作者:卫四月
便在這時,馬車稍稍停頓一下,打斷蕭婉兒和蕭驚鴻兩人的談話。
蕭婉兒坐穩些,疑惑問:“畫棠?”
車廂外的沈畫棠將馬車停在路邊,朝裡面回道:“大小姐,二小姐,有情況。”
聞言,蕭驚鴻直接拉開簾子朝外打量。
旋即她便看到不遠處一間裝裱行門外,幾名蕭家親衛打扮的甲士圍在那兒,中間還有一身著樸素長衫的老者,與一名蕭家丫鬟拉扯。
王力行和小蝶?
蕭驚鴻認出府內的人,接著她仔細打量那名老者,眼眸微愣。
蕭婉兒看不見外面的境況,忍不住問:“二妹,發生何事了?”
“大姐,應是貴雲書院的嶽明先生和府內的親衛、丫鬟起了爭執。”
人多嘴雜,蕭驚鴻只聽到什麼字帖,接著便道:“姐,你在車上稍坐片刻,我去去就來。”
蕭婉兒搖頭,“嶽明先生最是不喜軍伍中人,我跟你一起去吧。”
知道拗不過她,蕭驚鴻沒再多說,攙扶她一起下車走到裝裱行外。
只聽裡面,那位嶽明先生正在嘆氣:“姑娘,小姑娘,老夫對這幅字帖甚是喜愛,你,你割愛可好?”
小蝶抱著字帖不放,“老先生,這是姑爺送給老爺的賀壽禮,怎能給您?”
若不是一旁的王力行早先提醒過她,說這位老先生是貴雲書院的嶽明先生,蜀州最有名望的大儒。
她都在懷疑先前姑爺遺失的那幅字是否就是眼前的老先生所為。
可是明明她都說了這幅字不能給出去,老先生仍舊不依不饒,還要伸手去抓那幅剛剛裝裱好的字,讓她很生氣。
“姑爺?蕭家那位姑爺?那你告訴老夫,他從哪兒買來的這幅字帖,老夫願意高價求購。”
“什麼買?這是姑爺自己寫的字。老先生,您若想買,可自去侯府找姑爺。”
聽完,嶽明先生一愣,“你說這幅字出自陳逸,陳輕舟之手?”
小蝶警惕地看著他:“當然是姑爺寫得字,難不成是您寫的?您的字,方才老闆已經給您了呀。”
嶽明先生狐疑地看看她,兀自不信,“姑娘,老夫只想要這字帖或者它的出處,你不願意便罷,何必說謊話來騙老夫?”
“我沒……”
不等小蝶繼續解釋,人群之外的蕭婉兒開口道:“嶽明先生,請聽婉兒一言。”
直到這時,蕭家親衛和小蝶方才注意到外面的蕭婉兒和蕭驚鴻等人,連忙行禮:
“屬下見過大小姐,二小姐。”
“小蝶見過大小姐,二小姐。”
周圍來往的行客,以及早就在圍觀的眾人都是愣神,方才知道眼前幾人竟是武侯府主家那對姐妹。
當即,多數人都跪在地上,唯獨幾名身有功名的學子仍舊長身而立。
蕭婉兒掃視一眼,溫和的應了一聲,“都起來吧。
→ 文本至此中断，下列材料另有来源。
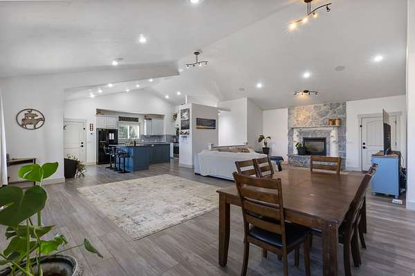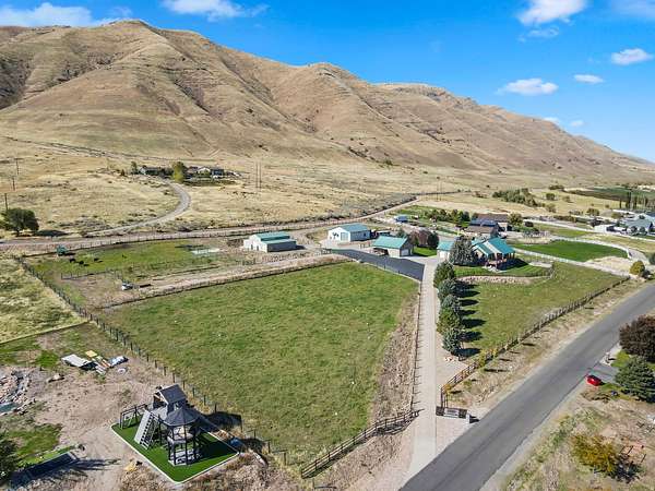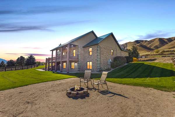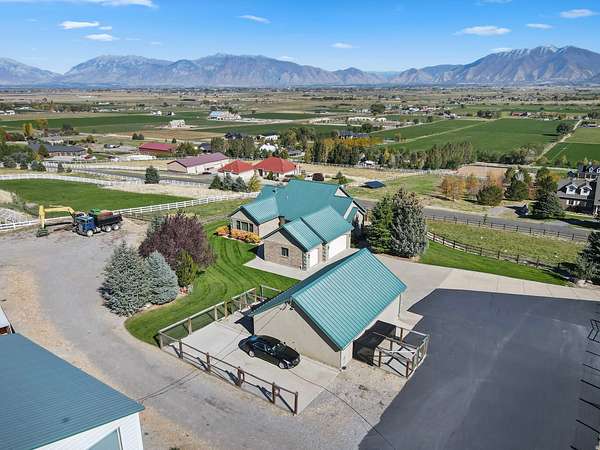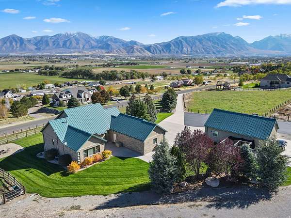 This home is being featured on "Real Estate Essentials" on ABC4, HULU+Live TV and Telemundo Utah Video and a MUST SEE 3D virtual tour also available. If you've been looking for a home that is the complete package, you've found it! This serene 5 acre retreat offers breathtaking valley and mountain views, a beautifully remodeled open concept home, and the perfect blend of luxury and tranquility. Features include a chef's kitchen with quartzite countertops, a primary suite with dual walk-in closets, a finished basement with a dry bar and fireplace, a covered balcony above and a covered porch/patio below both of which allow you to enjoy the enchanting views, and a fire pit that makes every moment feel truly magical. Additional highlights: Separate kitchen pantry, 50 year metal roof, 7.97 shares of water, a well, an attached 3 car and detached 2-4 car garage, a custom cedar & redwood sauna, a 40 x 40 workshop, a 60 x 40 barn with 2 lean-to's, RV parking, various fruit trees, Bluegrass & Alfalfa ideal for grazing and a generator inlet. Homes like this don't come along often, don't miss the opportunity to make this dream home yours!

”
待眾人起身,她便扶著蕭驚鴻的手來到老者跟前,欠身道:
“嶽明先生,小蝶方才說的話都是真的,此字的確是婉兒妹夫陳逸,陳輕舟所寫。”
雖說她沒有看過小蝶手中字帖,但是以她先前見過的陳逸的字來看,倒的確有可能引得嶽明先生青睞。
嶽明先生看了看她們,直接忽略蕭驚鴻,問道:“婉兒姑娘,你可知那上面的字的意義?”
蕭婉兒微愣,略一思索,她便朝小蝶伸出手。
小蝶將那幅賀壽詞小心地放到她手上,掃了一眼蕭驚鴻沒敢多說,復又退了回去。
蕭婉兒開啟盒子拿出字帖,在蕭驚鴻幫助下緩緩展開。
僅是剛剛露出一點字跡的筆畫,便見一縷熒光浮現,如同溫玉般圓潤光澤。
蕭婉兒的手登時頓住,瞪大眼眸不敢再繼續展開。
她連忙看向旁邊的蕭驚鴻,見她微微頷首,心中不由得又驚又喜。
驚得是字帖上的字真的是“書道意境”。
喜得自然是這幅字帖或許真是她妹夫陳逸所寫。
第40章 人生若只如初見
蕭婉兒沒再繼續展開字帖,轉而重新將字帖捲起來收進盒子裡。
嶽明先生將她們的動作瞧個清楚,負手而立輕輕哼道:
“婉兒姑娘,現在你告訴老夫,此字帖當真是陳逸所寫嗎?”
沒等蕭婉兒回答,旁邊的小蝶實在忍不住,“大小姐,這真的是姑爺寫的,當時小蝶就在跟前,小蝶還看到有一縷縷熒光……”
這時蕭驚鴻抬手打斷她:“好了,小蝶,不用多說。”
待小蝶悻悻地閉上嘴,她才看向老者微微欠身道:“此字帖的由來,稍後蕭府自會給嶽明先生一個答案。”
嶽明先生瞥了她一眼,平和的點頭:“恭候佳音。”
說完,他轉身揚長而去。
鄰近的幾名學子朝蕭家等人行禮後,便都跟了過去。
王力行瞧了瞧兩位小姐的神色,又看了看癟嘴欲哭的小蝶,遲疑著躬身道:
“大小姐,二小姐,這字的確為姑爺所寫。”
蕭驚鴻看向他,半甲下的眼眸微露晶瑩,似是沒想到他會在這時開口。
想了片刻,她道:“此事我已知曉,回府再說。”
接著,蕭驚鴻朝小蝶吩咐一句跟上,便攙扶蕭婉兒重新登上馬車。
小蝶亦步亦趨的跟過來,坐在車廂外側,低垂腦袋不敢抬頭多看一眼。
她不知道方才自己說錯了哪句話,心中不免有些忐忑。
這時,蕭婉兒將字帖放到一邊,問道:“小蝶,這字當真是你看著姑爺寫的?”
“是,大小姐,小蝶不敢說謊。”
蕭家兩姐妹對視一眼,蕭婉兒宜喜宜嗔的眼神彷彿在說二妹找了位好夫君。
而蕭驚鴻卻是仍有幾分疑惑。
準確的說,她很難相信大姐口中“字如其人”,否則怎麼解釋她的夫君強搶民女、逛窯子的事?
想到這兒,蕭驚鴻問道:“小蝶,將這段時間姑爺所說所做的事,一五一十的講來。”
“是,二小姐……”
小蝶眼角掃過她臉上的半甲,復又低下腦袋,斷斷續續的講述起來。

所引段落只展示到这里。